Polynomial kernels for Proper Interval Completion and related problems
St\'ephane Bessy, Anthony Perez

TL;DR
This paper proves that the Proper Interval Completion problem has a polynomial kernel of size O(k^5), and also establishes a kernel of size O(k^2) for the related Bipartite Chain Deletion problem, advancing kernelization theory.
Contribution
The paper provides the first polynomial kernels for Proper Interval Completion and improves kernel bounds for Bipartite Chain Deletion, resolving open questions in parameterized complexity.
Findings
Proper Interval Completion admits an O(k^5) vertex kernel.

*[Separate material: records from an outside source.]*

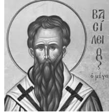
svätý Bazil Veľký

Pre dobu, v ktorej Bazil a Gregor žili (4. st.), bolo charakteristické hlásanie bludov v kresťanstve, predovšetkým arianizmu (popieranie božstva Ježiša Krista, tvrdenie, že Ježiš bol len človekom). Bazil i Gregor proti arianizmu bojovali. Nemali to ľahké – nedostalo sa im podpory ani od vtedajších cirkevných autorít. Tie predovšetkým Bazilov boj brali ako ctižiadostivú snahu vyniknúť, nie ako nasadenie obrániť a očistiť vieru. Uznania od Cirkvi sa Bazilovi dostalo až po smrti.
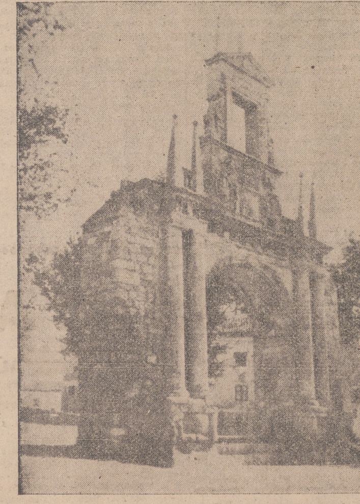
EL ARCO DE FERNAN GONZALEZ, EN BURGOS.
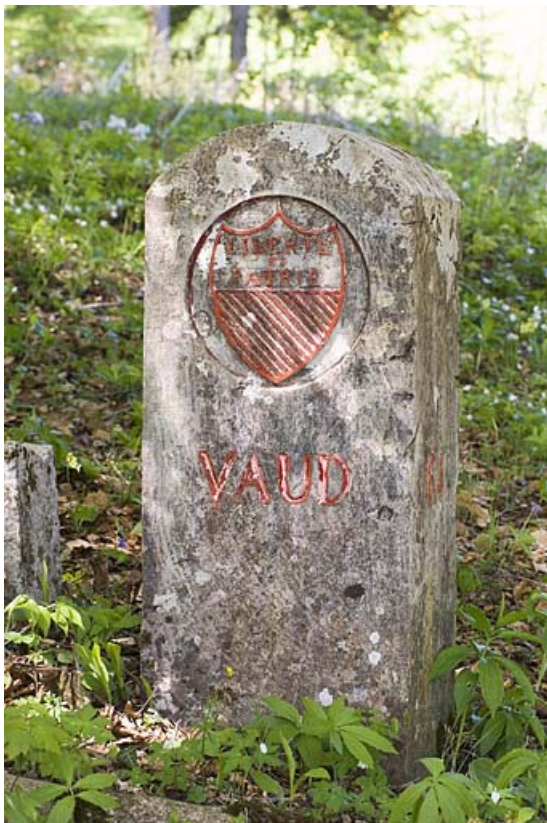
Borne frontalière n° 64 ornée de l'écu du Pays de Vaud, côté Suisse. 25, Jougne
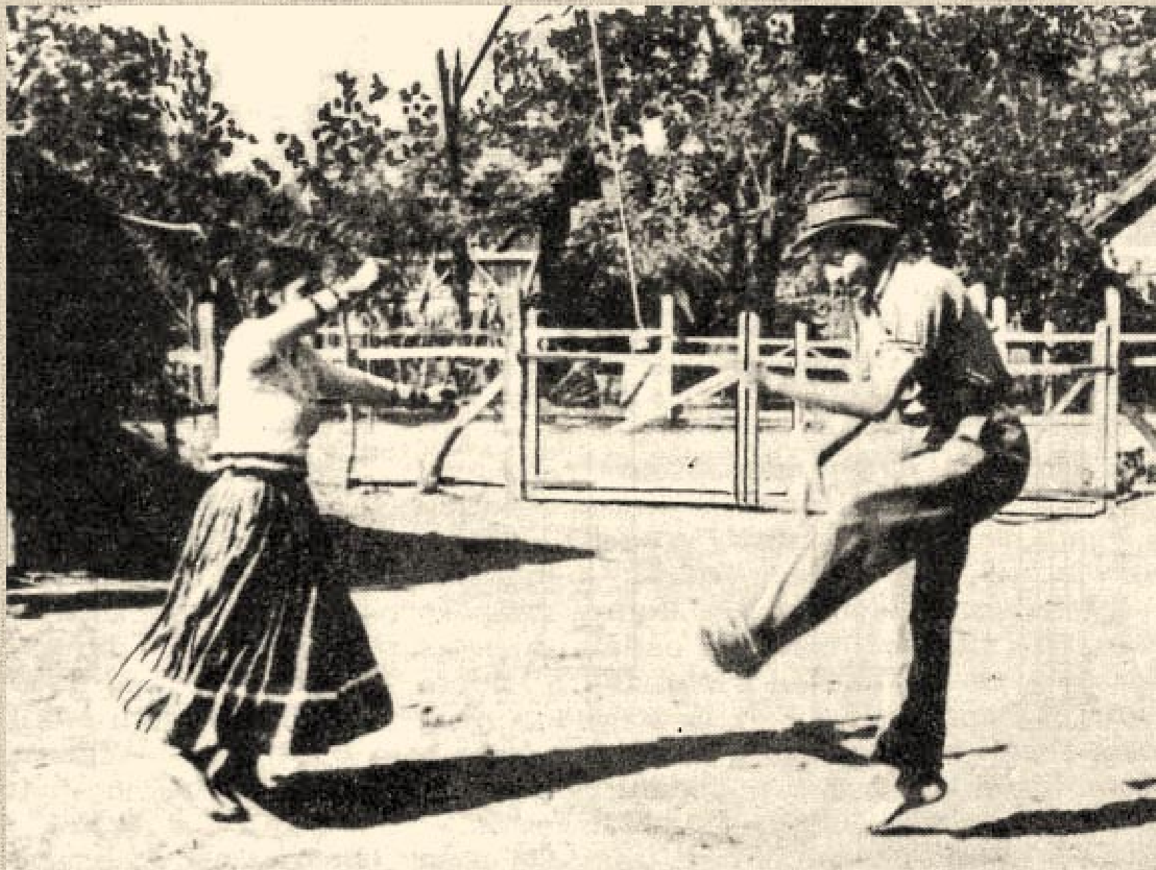
Cigánytánc - Nyírvasvári

Bipartite Chain Deletion admits an O(k^2) vertex kernel.
These results settle longstanding open problems in kernelization.
Abstract
Given a graph G = (V,E) and a positive integer k, the Proper Interval Completion problem asks whether there exists a set F of at most k pairs of (V \times V)\E such that the graph H = (V,E \cup F) is a proper interval graph. The Proper Interval Completion problem finds applications in molecular biology and genomic research. First announced by Kaplan, Tarjan and Shamir in FOCS '94, this problem is known to be FPT, but no polynomial kernel was known to exist. We settle this question by proving that Proper Interval Completion admits a kernel with at most O(k^5) vertices. Moreover, we prove that a related problem, the so-called Bipartite Chain Deletion problem, admits a kernel with at most O(k^2) vertices, completing a previous result of Guo.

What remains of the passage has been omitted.